To these illustrations of his mild indulgence in sarcasm and rebuke, let us add one more, referring to the hotel-book at the Montanvert, in which travellers inscribe their names, and some "perpetuate their folly for a few autumns. Among these fugitive memorials, was one ambitious scrawl of a popular and eloquent divine, whereby, in letters almost an inch long, and in words which I cannot precisely remember, he recorded his sense of the triumphant refutation given to Atheism by the Mer de Glace, intimating his conviction, that, wherever else doubts of the being of Deity might be cherished, they must yield to the grandeur of the spot; and attesting the logic by his name in equally magnificent characters." The

Rambler appends his opinion that this poetical theist had wholly misapprehended the Great First Cause, and supposes him to imagine, that in proportion as the marks of order and design are withdrawn, the vestiges of Deity become manifest;—"as if the smallest insect that the microscope ever expanded for human wonder did not exhibit more conclusive indications of the active wisdom and goodness of a God than a magnificent chaos of elemental confusion." It is not for us to assume what the popular and eloquent divine may actually have meant; but at least we can suppose the Rambler to have misapprehended him, especially as he is oblivious of the wording of the entry: may not the pulpit poet have drawn his impression of a present God from the feelings, not the thoughts, inspired by the sublimities around him—from the sentiments of awe, the mysterious emotions of adoring wonder, the yearnings of religious worship, excited by such a scene, and by no means from a cold adjustment of logical mechanics, worked out by harmonious junction of Paley, Whately, and pocket microscope?

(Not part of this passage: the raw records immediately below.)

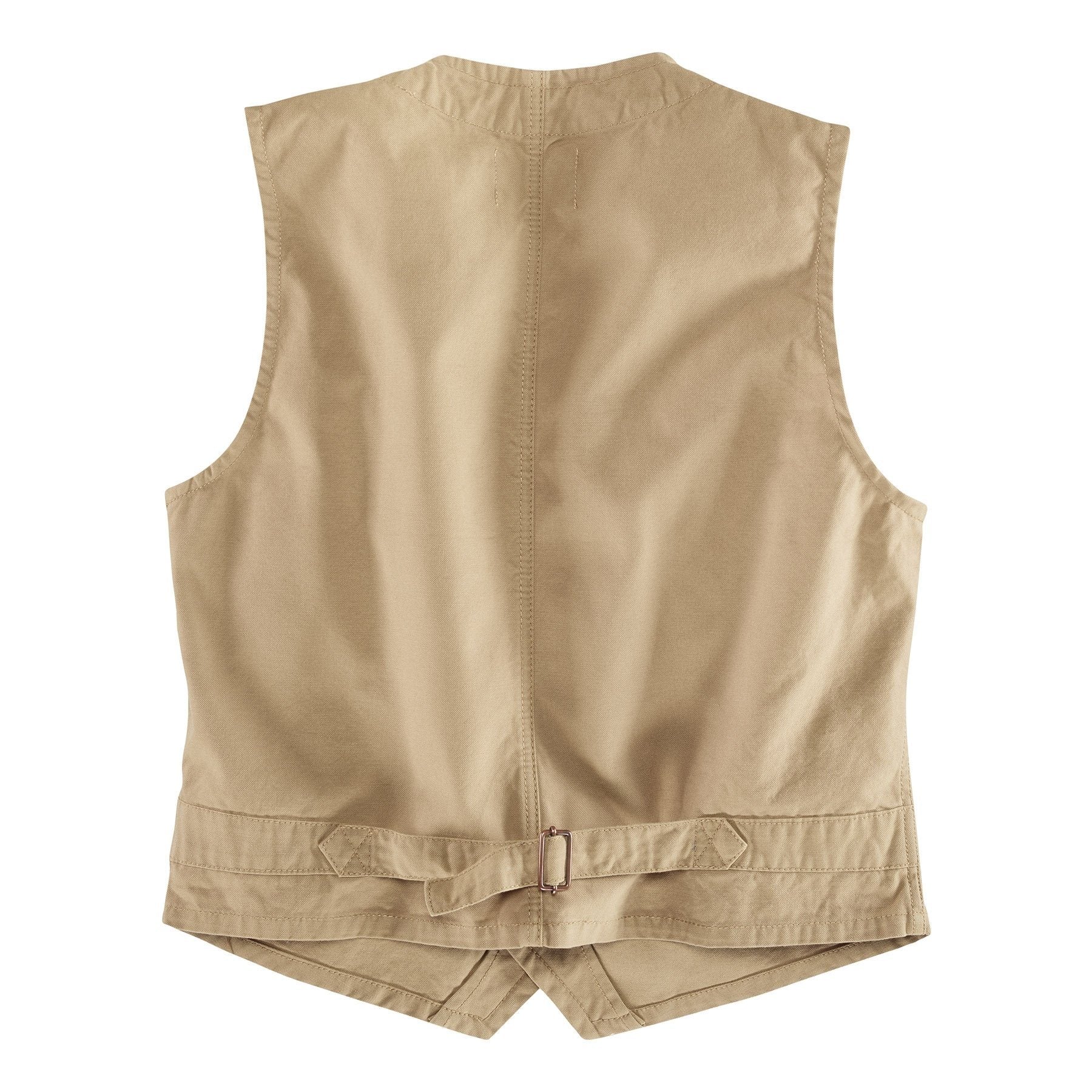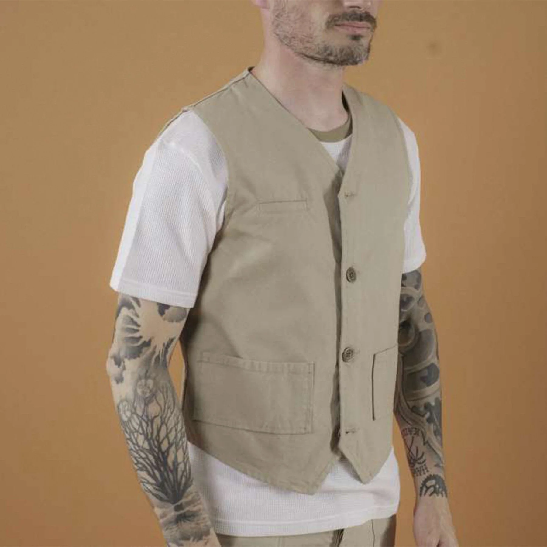 Herrenweste aus etwas festerer Baumwolle von Kytone. Der klassische Schnitt wird lässig durch die ausgefallene Taschenlösung aufgelockert, aber auch durch den traditionellen Rückengurt unterstrichen. Durch den verwendeten Canvas ist die Weste robust, ohne zu rustikal zu wirken, passend für jeden Anlass.
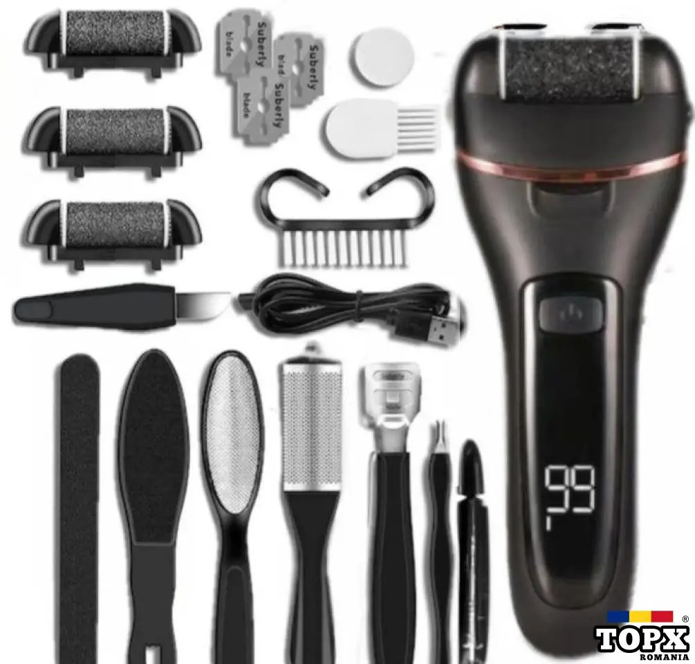 Set pila electrica pentru talpi si calcaie, display, acumulator, incarcare usb.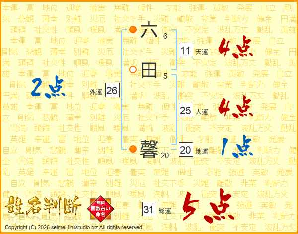 生活面を象徴する運勢です。外部から受ける影響力を表し、結婚運、家庭運や職場、環境への順応性を表します。総運から人運を引いた画数。姓や名が1文字の場合を除く。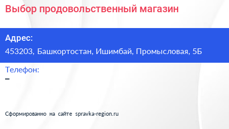 Выбор, продовольственный магазин по адресу 453203, Башкортостан, Ишимбай, Промысловая, 5Б в дальнейшем Организация, размещена в следующих категориях: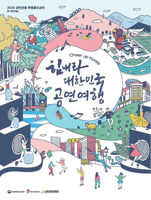 공연관광 특별홍보 행사 포스터.문화체육관광부가 후원하고 한국관광공사와 한국공연관광협회가 주최하는 ‘힘내라 대한민국!, 공연여행’ 행사가 내달부터 10월까지 서울, 부산, 안동, 강릉, 목포, 전주, 대구, 광주, 인천 등 10여 개 지자체 주요 교통·관광 근거지에서 열린다고 29일 밝혔다.

Coleridge was not thinking of logic when he wrote (or translated, or adapted,—what you will) his Hymn before Sunrise, in the vale of Chamouni; and we can suppose the small poet (saving his Reverence) who wrote such a big hand, and whose theism seemed to his censor so out-of-place (of all places in the world) at the Montanvert, to have really meant very much the same as S. T. C. when he exclaimed,

Ye ice-falls! ye that from the mountain's brow
Adown enormous ravines slope amain—********Motionless torrents! silent cataracts!
Who made you glorious as the gates of Heaven
Beneath the keen full moon? …..
God! let the torrents, like a shout of nations,
Answer! and let the ice-plains echo, God!